Pengemudi Ojek Online (Ojol)
Ratusan pengemudi ojek online dengan jaket hijau khas mereka juga membentuk barisan yang solid dalam aksi tersebut. Salah seorang peserta aksi dari kalangan ojol menyatakan kekecewaan mendalamnya terhadap sikap anggota dewan yang dinilai tidak peka terhadap penderitaan rakyat.

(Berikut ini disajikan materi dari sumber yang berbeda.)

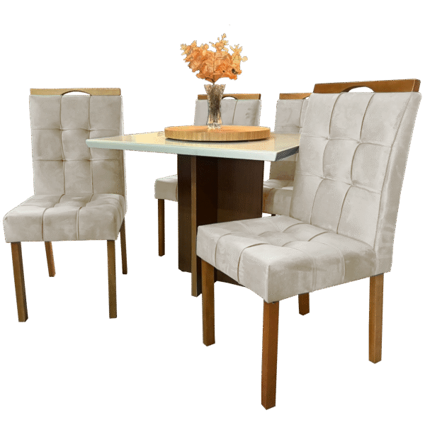 Mesa Salinas 120 Cinamomo/Off White com 4 Cadeiras Sophia Veludo Bege – AVALON DECOR + WM DECOR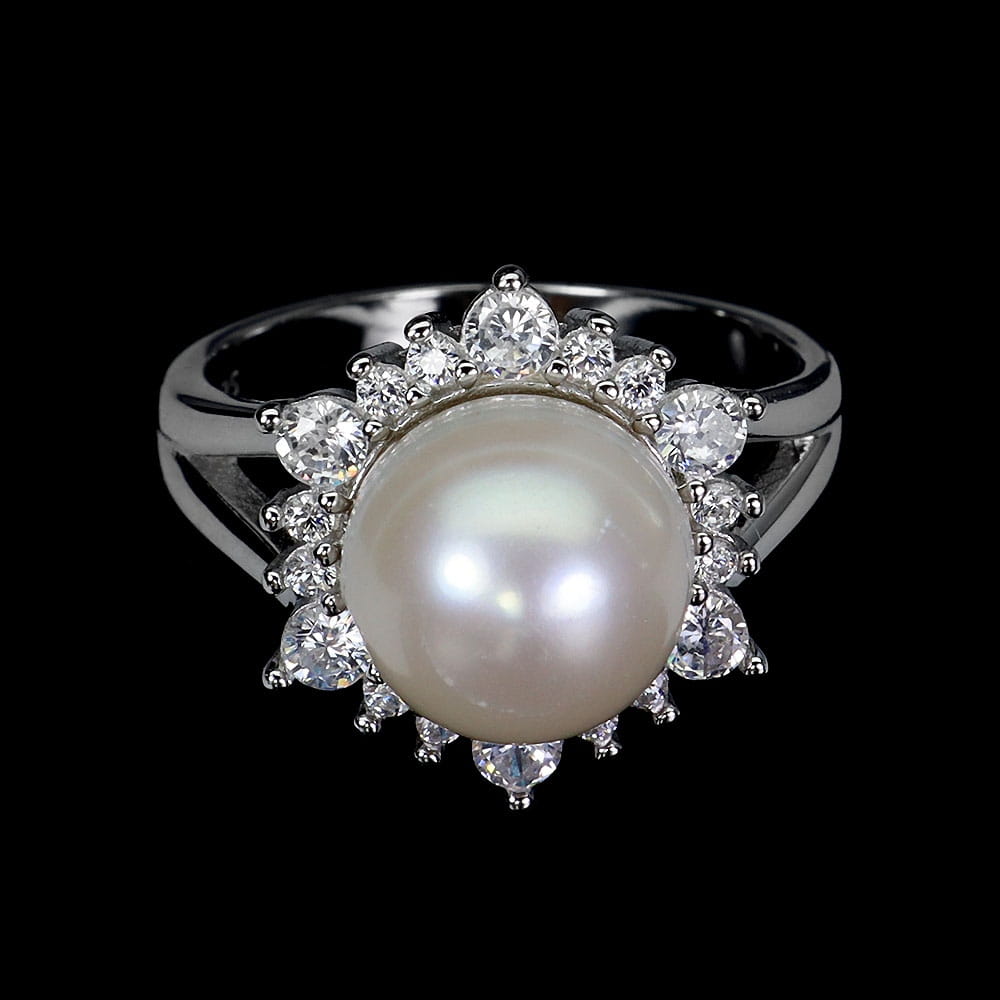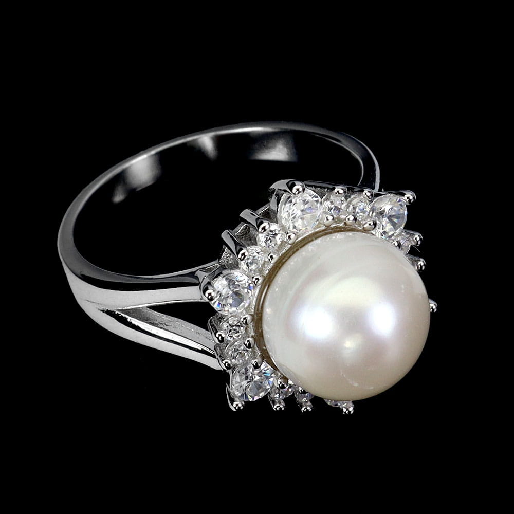Oferujemy Państwu pozłacany białym 14K złotem, srebrny - próba 925 pierścionek z naturalną perłą i cyrkoniami.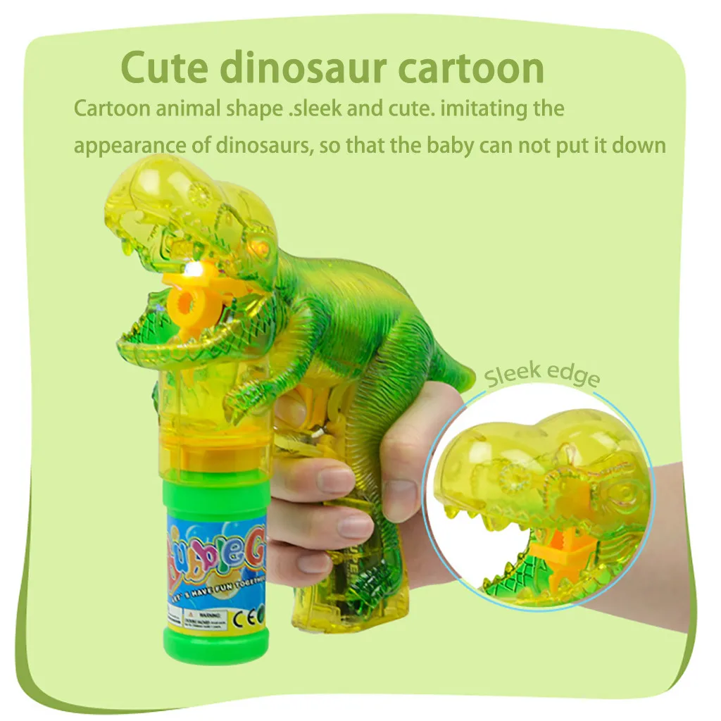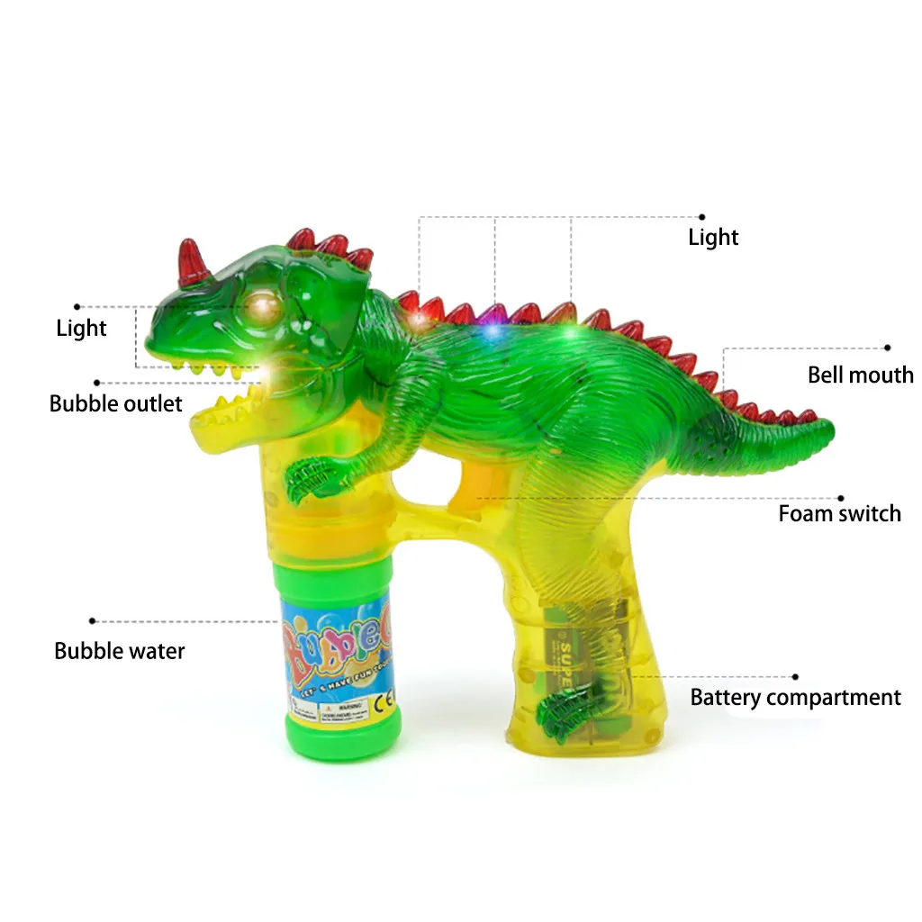 Наш динозавр пистолет для мыльных пузырей воздуходувка делает крутые румяные звуки со светодиодными лампами, чтобы сделать время пузырей еще более очаровательным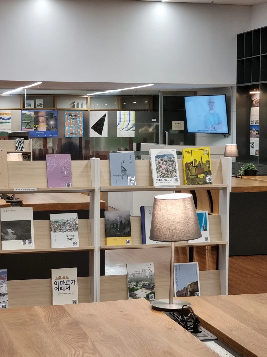 그 옆으로 ㅁ모양의 4평 남짓한 기다란 직사각형 공간구조가 있는데 각 면마다 재개발, 도시재생, 근대건축물, 건축 모형물 등 다양한 주제를 화제로 담고 있는 책들이 꽂혀져 있었다. 난 그중에서 을지로 관련 재개발 책을 덥석 들고 골뱅이 나선형 의자에 앉아 읽기 시작했다.

Menurut beberapa laporan, para ojol ingin bertemu anggota DPR yang sempat viral di media sosial ketika joget-joget setelah rapat.
Pelajar STM
Seperti dalam aksi-aksi besar sebelumnya, barisan pelajar dari Sekolah Teknik Menengah (STM) kembali menunjukkan keberaniannya dan menjadi salah satu garda terdepan. Mereka tidak ragu untuk berhadapan langsung dengan barikade polisi dan menjadi motor penggerak massa untuk terus maju.
Keterlibatan mereka menunjukkan adanya keresahan yang merata hingga ke kalangan generasi muda yang masih duduk di bangku sekolah.
Mahasiswa dari berbagai universitas
Barisan intelektual muda dari berbagai kampus ternama juga tidak mau ketinggalan. Jaket-jaket almamater dari Universitas Indonesia (UI), Trisakti, UIN Jakarta, hingga Universitas Negeri Jakarta (UNJ) terlihat jelas di tengah kerumunan massa.
Eskalasi Menjelang Sore
Menjelang sore hari, tensi aksi semakin meningkat drastis, terutama setelah barisan pelajar STM berhasil mendesak barikade aparat hingga meluber ke bahu jalan Tol Dalam Kota. Mereka terus berupaya menjebol pertahanan untuk bisa masuk ke dalam kompleks parlemen, menunjukkan determinasi yang sangat kuat. Aksi saling dorong dengan aparat keamanan pun tak terhindarkan, membuat suasana semakin mencekam.
Dari tengah kerumunan pelajar, terdengar komando yang memompa semangat massa untuk tidak mundur sedikit pun. "Ayo maju, jangan kasih kendor! Kita harus bisa masuk!" teriak salah seorang orator dari barisan pelajar. Upaya mereka untuk merangsek masuk menunjukkan puncak dari frustrasi yang dirasakan, di mana dialog dianggap sudah tidak lagi mempan untuk menyampaikan aspirasi mereka kepada para wakil rakyat.